Surrounding me in my office and extending into an adjacent room are bookshelves. As I look at them, I realize how much they tell about me.
One section of the shelves is filled LP records and tapes. Most are complete recordings of operas, one of the passions of my life. Then there are eleven shelves filled with compact discs, all of classical music, including lots of operas. Next come five shelves of classical music scores, some full orchestral scores, some just for piano. After them come three shelves of tapes, mostly VHS but also more classical acoustic analog recordings. Then there are the books, literally hundreds of them. Around twenty of them are dictionaries, some English, some other languages. Then there are the dozens of books I have reviewed and books on subjects I’m partial to like music, opera, ballet, and languages.
In addition to the shelves holding books, tapes, and CDs is a double-sided floor-to-ceiling set of shelves holding stereo equipment—two turntables, a large tape deck, and five consoles of various kinds. All this equipment is less and less used these days as I find that music distracts me while I’m reading or writing.
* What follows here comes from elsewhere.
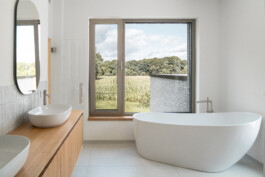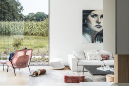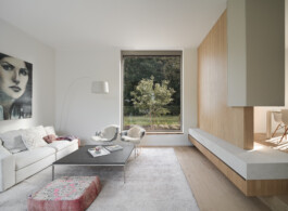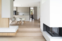 Im Zentrum der Planung standen dabei funktionale und gestalterische Details, die den Alltag komfortabel und ästhetisch bereichern. So wird der Eingangsbereich durch eine eingestellte „Box“ als Abstellraum mit integrierter Treppenanlage strukturiert und klar zoniert. Im Patio-Bereich entsteht durch eine fest eingeplante Sitzbank ein geschützter Aufenthaltsort, der den Wohnraum räumlich und atmosphärisch erweitert und durch die beidseitige Verglasung einen intensiven Bezug zum Außenraum und der Hellen Klinkerfassade der Ziegelei Hebrok herstellt. Die Küche wurde mit einer verdeckten Tür gestaltet, die den Zugang zum Hauswirtschaftsraum ermöglicht. Dadurch wird der private Funktionsraum vom offenen Wohnbereich klar getrennt und ist für Besucher nicht unmittelbar wahrnehmbar. Im geöffneten Zustand kommt hier ein Weinregal zum Vorschein, das den Raum sowohl funktional als auch gestalterisch bereichert. Ergänzt wird das Ensemble durch einen Raumtrenner und einen Kamin, die für eine klare Gliederung und eine wohnliche Atmosphäre sorgen.

In the middle of the room is my ten-foot-long u-shaped desk, always cluttered with books, pens, pencils, notes to myself, my computer and its ancillary equipment. It is constructed of the same blond maple wood as the shelves. Many years ago, I paid a professional cabinetmaker to build the desk and shelves for me. Fortunately, it all fits perfectly in my office in the lowest level of my split-level house in Columbia, Maryland, where I moved only a few years ago.
So here I sit, writing away, surrounded by the possessions gathered over my many years on earth. At first glance, it seems to me, this is obviously the workroom of an artist, a man who has spent his life as a musician, a linguist, and a writer.